Others have said that changing school rules when students don’t follow them doesn’t teach respect.
But Ryan said the new policy isn’t an example of administrators caving to students, it’s an example of the school listening to the student voice and working with them on a reasonable change.
Still, most other schools in the region had their own reasons for prohibiting hats.
Hats aren’t allowed at South, where Principal Keith Richard said he sees no reason to change the policy.
While South and North are often linked – the schools send students to classes in both buildings, for example – they’re two separate institutions, he said. And when North students take classes at South, they take off their hats.
“It’s a respect issue,” Richard said. “You’re walking into a place of education, you take your hat off.”
Hollis Brookline and Merrimack high schools also don’t allow students to wear hats.
Hollis Brookline Principal Cindy Matte said that while there are always a few students who are frequently asked to remove their hats, it hasn’t been a major issue.
Showing students that there are certain places where hats shouldn’t be worn is important, she said.
“It presents a better appearance,” she said. “They don’t go to work and wear hats. … It’s preparing them for life in a lot of ways.”
Merrimack Principal Ken Johnson has had the opposite experience of Ryan.
Until three years ago, students were allowed to wear hats at the school. And while hat-wearing students weren’t a discipline issue, Johnson said that when the school implemented security cameras, it was determined that hats could be a security risk.
He said the student population adjusted well, and that it’s a nonissue.

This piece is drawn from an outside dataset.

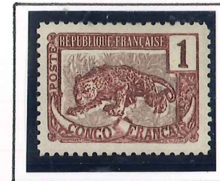
1c. brun, lilas et gris, lilas

And he said he believes that whether students are allowed to wear hats at school doesn’t make or break their level of respect.
“I don’t think we made it a respect issue,” he said.

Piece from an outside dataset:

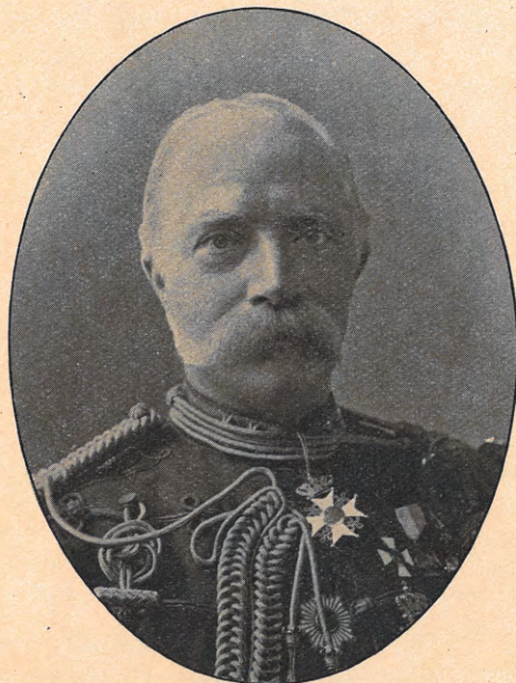
Generaal J. W. BERGANSIUS. Minister van Oorlog.

Ryan said there will always be opposition to rule changes and that he’s pleased with the school’s policy change and has already been seeing the benefits.
So far, he said, he has received positive feedback from staffers, that the level of respect between students and teachers is improving and that classrooms are able to focus less on asking students to take off their hats and more on actual learning.
There have been no referrals to assistant principals for hat-related issues so far this year, he added.
“If a student is comfortable, feels safe and has a strong relationship with their teachers and is learning, isn’t that what we’re supposed to be doing?” Ryan said.
North juniors Benjamin Schatz, Brendan Finnegan and Alex Claude said they knew a lot of students who got in trouble in past years for wearing hats, and that they always thought the rule didn’t make sense.
This year, however, they’ve noticed far fewer issues in their classes and in the hallways, despite far more students wearing hats.
“If you can express yourself in school, that’s always a good thing,” Finnegan said.
Ironically, Ryan said, many of the students who consistently wore hats when they weren’t permitted no longer wear their hats today.
“They were just looking for a rule to break,” he said. “I think this is a very simple fix to alleviate some of the tension that was in the school.”
Automotive teacher John Finocchiaro said he hasn’t noticed any major changes in the school, except that teachers no longer feel the need to remind students to take off their hats.
“You pick your battles when you’re dealing with students,” he said. “It’s just a hat.”
And Finnocchiaro said he wasn’t concerned about students not learning respect because of the change. If their parents don’t teach them, he said, a rule against hats at school likely won’t.
Ryan said social norms are evolving, and while he wants students to know there are times when wearing a hat would be disrespectful, he doesn’t believe school has to be one of those places.
“To me, the hat policy was part of the dress code, which has changed over time,” Ryan said. “School is a place where changes are needed. … I’ll take the flak for this because I am seeing the benefits.”